Perform all necessary imports up front

In [None]:
# Python standard imports
from pprint import pprint

# armory-library imports
import armory.engine
import armory.tasks.image_classification
import armory.evaluation

# armory-examples imports
import armory.examples.image_classification.food101 as food101

# Define the Evaluation

## Model

From our `food101` example, we will load a model from HuggingFace that has
already been fine-tuned on the food-101 dataset. We also wrap this model in an
Adversarial Robustness Toolbox (ART) estimator so that we can use an ART attack
against the model.

In [None]:
model, art_estimator = food101.load_model()

## Dataset

From our `food101` example, we will load the food-101 dataset from HuggingFace.

In [None]:
dataset = food101.load_huggingface_dataset(batch_size=2)

## Attack

From our `food101` example, we create a Projected Gradient Descent (PGD) attack
using the Adversarial Robustness Toolbox (ART).

In [None]:
attack = food101.create_attack(art_estimator)

## Metrics

From our `food101` example, we create the metrics to be collected during the
evaluation. These include an L-infinity norm distance between unperturbed and
perturbed input, and a categorical accuracy between the natural labels and the
predicted labels.

In [None]:
metric = food101.create_metric()

# Evaluation

We combine the model, dataset, attack, and metrics to fully define our
evaluation.

We will define two perturbation chains: `benign` and `attack`. The benign chain
does not apply any perturbations to the data, giving us the intrinsic
performance of the model.

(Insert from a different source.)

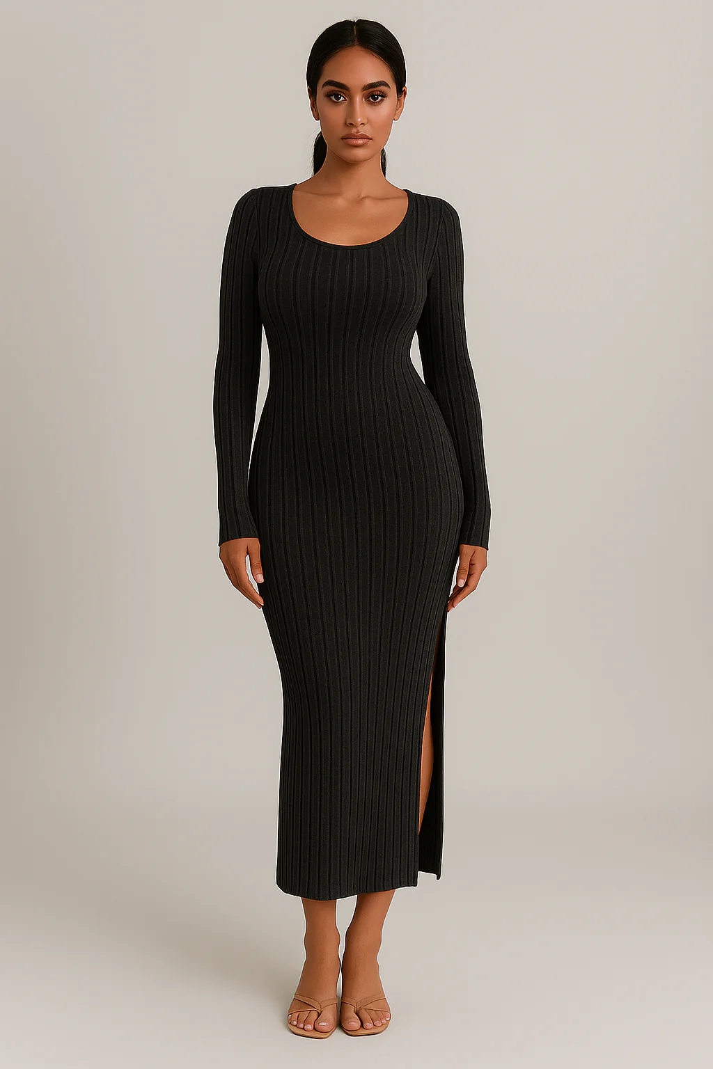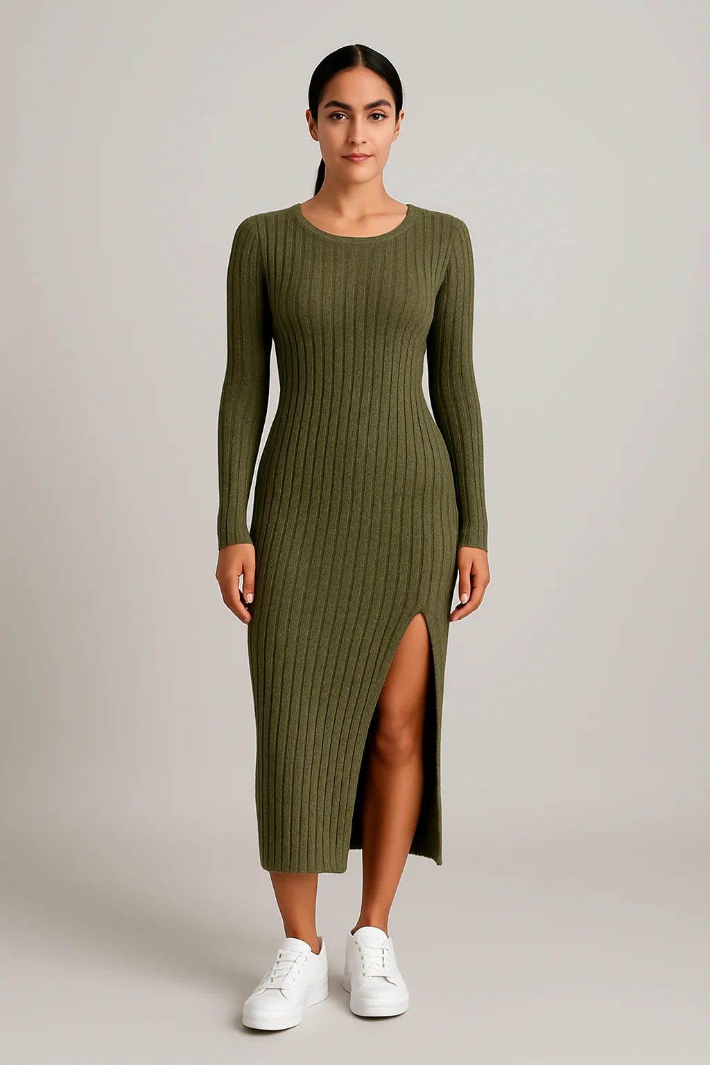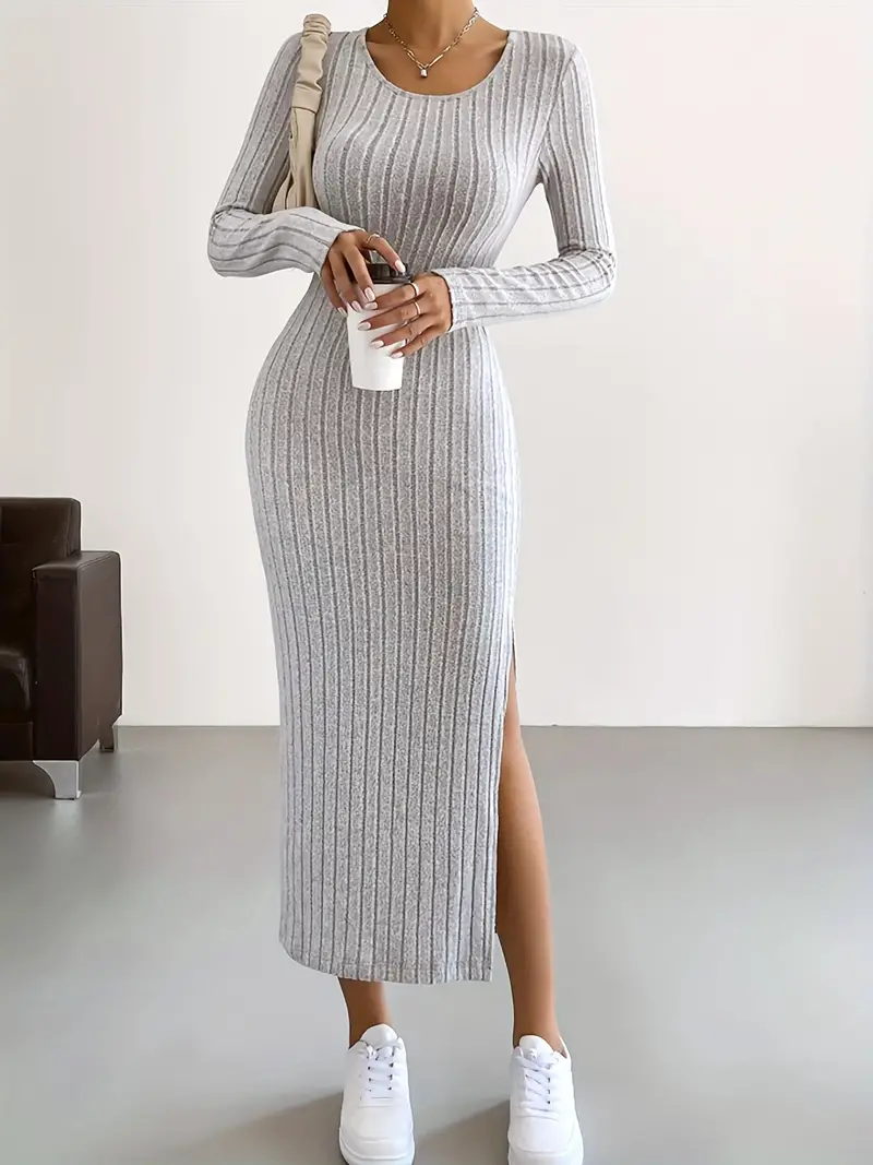 La robe côtelée à manches longues allie confort et élégance. Son tissu sculptant met en valeur la silhouette, tandis que les manches longues apportent chaleur et style. Parfaite pour l’automne et l’hiver, elle se porte facilement avec des bottes ou des baskets pour un look chic ou décontracté.

The attack chain will give us the performance of the
model under adversarial attack.

In [None]:
evaluation = armory.evaluation.Evaluation(
    name="image-classification-food101",
    description="Image classification of food-101",
    author="TwoSix",
    dataset=dataset,
    model=model,
    perturbations={
        "benign": [],
        "attack": [attack],
    },
    metric=metric,
)

# Execute the Evaluation

We create an evaluation engine which will handle the application of all
perturbations, obtaining predictions from the model, collecting metrics, and
exporting of samples.

In [None]:
task = armory.tasks.image_classification.ImageClassificationTask(
    evaluation, export_every_n_batches=1
)
engine = armory.engine.EvaluationEngine(task, limit_test_batches=2)
results = engine.run()

In [12]:
pprint(results)

{'compute': {'Avg. CPU time (s) for 4 executions of attack/perturbation': 4.5436018107502605,
             'Avg. CPU time (s) for 4 executions of attack/perturbation/PGD': 4.543588242249825,
             'Avg. CPU time (s) for 4 executions of attack/predict': 0.07061068424809491,
             'Avg. CPU time (s) for 4 executions of benign/perturbation': 1.361251634079963e-06,
             'Avg. CPU time (s) for 4 executions of benign/predict': 0.1183262479971745},
 'metrics': {'attack/accuracy': tensor(0.),
             'attack/linf_norm': tensor(0.0310),
             'benign/accuracy': tensor(1.),
             'benign/linf_norm': tensor(0.)}}